看這狗男人多淡定啊,從店里出來,就像什么事也沒發(fā)生過似的,搞得付千姿白白心虛了一場,還擔(dān)心他誤會。
這是有多不在乎她,才會對自己腦袋上那頂疑似綠色的帽子不聞不問?
就不會問她一下“梁先生”是怎么回事嗎?
就很氣。
轉(zhuǎn)念想想,難道她很怕他誤會嗎?又不是真的恩愛夫妻。
于是付千姿也不發(fā)聲了,一路上高貴冷艷地環(huán)著手臂,高跟鞋都比平時踩得響了一些。
坐進副駕之后,她兀自側(cè)頭看著窗外。
“我到sin pub。”紀寒程上車之后,付千姿才輕撩了下眼皮,告訴他地址。
紀寒程沒回答,付千姿以為他沒聽見,睜開眼睛看過去,準備再說一遍。
兩人的視線就這樣在車內(nèi)交匯。
這是商場的地下停車場,四壁漆成鐵灰色,光線也稀疏昏暗。
紀寒程單手搭在方向盤上,微微側(cè)頭看著她,整個人仿佛被周圍的暗淡浸染,平狹的眼輕瞇著,眸光略深,一時間讓人辨不清情緒。
狹小的空間里,連彼此的呼吸都清晰可聞。
付千姿本能地覺得空氣有點發(fā)涼,手指下意識撫摸上自己的手臂:“紀寒程?”
下一秒,男人兀的俯身靠近。
他的手直接繞過付千姿身前,按在她身后的靠背上,聲音低沉危險:“和誰聚會。

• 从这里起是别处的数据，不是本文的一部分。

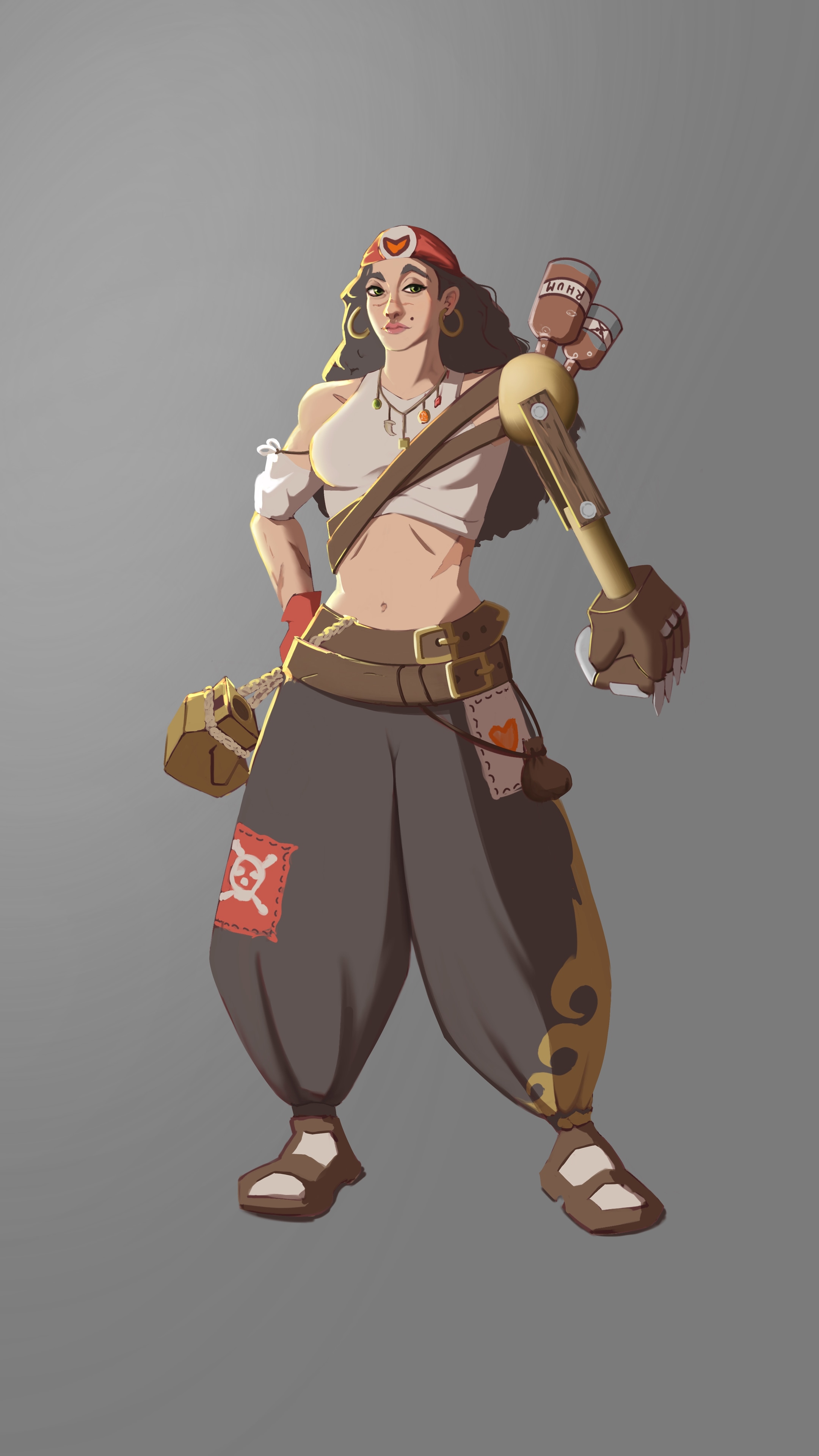 Avant de me lancer dans cette super aventure de concept art, j’ai d’abord analysé et décortiqué le brief. Comment une pirate peut elle se prénommer Grospoings avec un poings en moins. C’est là que met venu à l’esprit le système de prothèse à gros poings. C’est le brief qui m’a le plus inspiré et pour lequel j’ai pris soins d’analyser chaque détails qui fait d’elle, qui elle est ! J’ai essayé de le re transcrire au mieux au travers de sa posture, des couleurs ou même de sa tenue. C’est une pirate intrépide, fière, forte sans peur mais casse cou et dynamique.

”
付千姿被他冷不丁沉下來的氣場嚇了一跳,下意識地回答:“就,梁蔻她們。”
紀寒程淡淡應(yīng)了一聲,眸光直直地看向她,意有所指:“梁子安的妹妹。”
付千姿感覺他說“梁子安”的時候,聲線沉了沉,仿佛帶了意味深長,聽著居然有那么點兒變態(tài)氣質(zhì)。
她沒來由的有點緊張:“是。”
說起來,梁子安也是他的高中同學(xué),他怎么好像對人家挺有敵意的?
紀寒程凝視著她,仍是慢條斯理的語氣:“梁子安,就是你同學(xué)口中的‘梁先生’?”
付千姿驚了下。
雖然都姓梁吧,但紀寒程又不知道梁子安跟她表過白,居然解碼解得這么快?
她剛想開口,發(fā)現(xiàn)兩個人距離太近了,彼此呼吸的氣息都交..纏在一起。
于是往后靠了靠:“今天是梁子奇的生日,又不是他。”
說完之后,發(fā)覺這句話似乎暗示了她跟梁子安有過什么需要避嫌的事,于是補充一句:“再說了,就算是梁子安的生日,我有什么不可以去的?我們之間又沒什么,只是這么多年的朋友。”
紀寒程不作回應(yīng),眸光深了深,半晌,低低地問:“只是朋友?”
“是啊,”付千姿看了他一眼,不知道他怎么突然糾結(jié)起了這個,忽然心念一動,漂亮的眼睛輕輕瞇起來,“你聽我同學(xué)亂說,就誤會我們了?不會是在吃醋吧?”
說這話的原意,是想在紀寒程面前扳回一城,順便調(diào)侃調(diào)侃他。